È certo che io trovo in me la sua idea (di Dio), cioè l’idea di un essere sovranamente
perfetto.
Infatti, essendomi abituato in tutte le altre cose a fare la distinzione tra l’esistenza e
l’essenza, io mi convinco facilmente che l’esistenza può essere separata dall’essenza di
Dio, così si può concepire Dio come non esistente attualmente.
Ma tuttavia, quando vi penso con maggiore attenzione, trovo manifestamente che
l’esistenza non può essere separata dall’essenza di Dio più che dall’essenza di un
triangolo rettangolo l’equivalenza dei suoi tre angoli a due retti, oppure dall’idea della
montagna all’idea della vallata; di modo che non vi è minor ripugnanza a concepire un
Dio (cioè un essere sovranamente perfetto) al quale manchi l’esistenza (cioè al quale
manche qualche perfezione) che a concepire una montagna alla quale manchi una
vallata.
Ma benché, in effetti, io non possa concepire un Dio senza l’esistenza più che una
montagna senza vallata, tuttavia, come dal solo fatto che concepisco una montagna con
una vallata non segue che esista qualche montagna nel mondo, così anche, sebbene io
concepisca Dio con l’esistenza, sembra che non ne segua, per questo, che Dio esista:
perché il mio pensiero non impone nessuna necessità alle cose; e come non dipende se
non da me l’immaginare un cavallo alato, sebbene non ce ne sia nessuno che abbia le
ali, così potrei attribuire forse l’esistenza a Dio, sebbene non ci sia nessun Dio che
esista. Eppure, viceversa, proprio qui un sofisma è nascosto sotto l’apparenza di questa
obiezione: perché dal fatto che io non posso concepire una montagna senza vallata, non
segue che vi siano al mondo montagne o vallate, ma solamente la montagna e la vallata,
sia che esistono, sia che non esitano, non si possono in nessun modo separare l’una
dall’altra; mentre dal solo fatto che io posso concepire io non posso concepire Dio senza
l’esistenza, segue che l’esistenza è inseparabile da lui e, pertanto, che egli esiste
veramente: e non già perché il mio pensiero possa fare che la cosa vada così, né perché
esso imponga alle cose alcuna necessità, ma, al contrario, perché la necessità della cosa
stessa, cioè dell’esistenza di Dio, determina il mio pensiero a concepirlo in tal maniera.
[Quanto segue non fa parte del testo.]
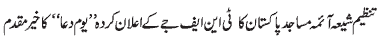 ISLAMABAD, June 26: On the call of the TNFJ, the second Friday of Ramzan will be observed as Youm e Dua |
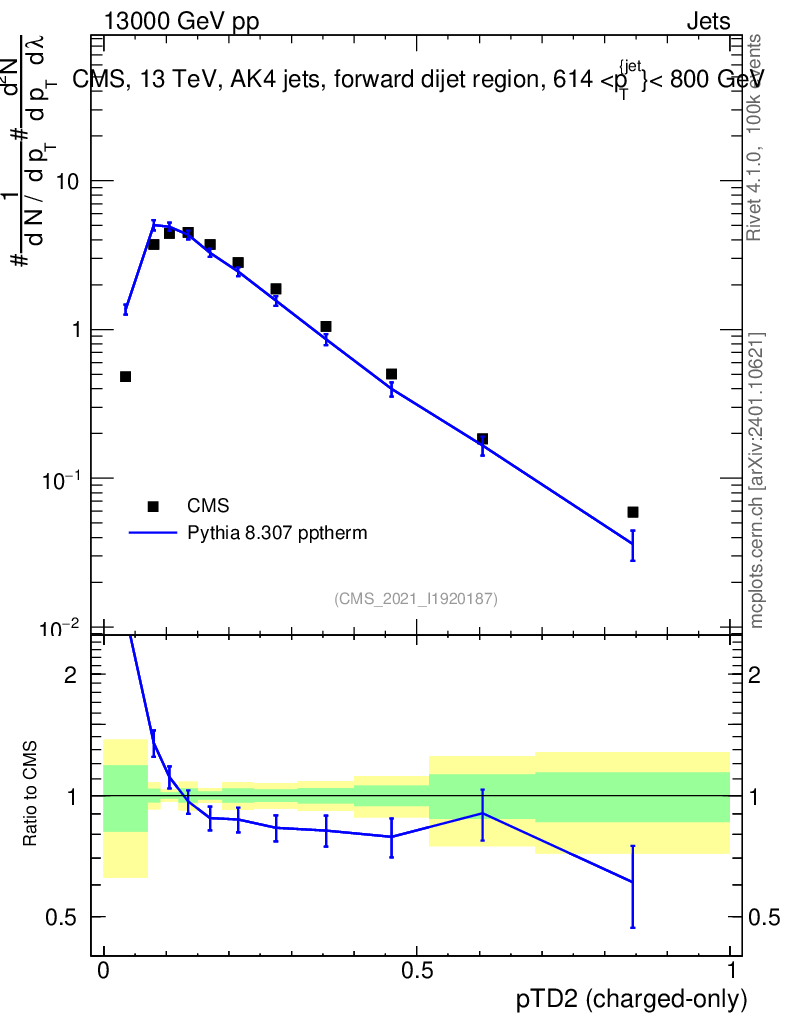 Lines: data, pythia8 8.307 pptherm |
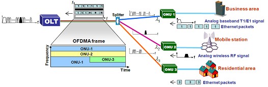对上行通信来说,每个ONU将数据和/或信号分配给指定的子载波,清空所有剩余的子载波,并完成OFDM调制产生一个完整的帧结构。对于下行通信,根据频域和时域安排的结果,OLT保留某些专用子载波、透明通道和基于压缩分组的数据进入剩余的OFDM频带和时间段,。OFDM帧和其他模拟信号通过电耦合器进行混合后驱动光调制器。当混合信号到达ONU时,每个ONU从适当的子载波、通道和时段选择自己的数据或信号。OFDMA-PON通过这种方法提供必要的灵活性和可扩展性,以解决新出现的任何未来应用。

Poiché non è in mio arbitrio concepire Dio senza l’esistenza, (cioè un essere
sovranamente perfetto senza una sovrana perfezione), come è in mio arbitrio
immaginare un cavallo con le ali o senza ali.
[…] che questo essere primo e sovrano esiste veramente: come non è necessario che io
immagini mai un triangolo; ma tutte le volte che voglio considerare la figure rettilinea
composta solamente di tre angoli, è necessario che le attribuisca tutte le proprietà.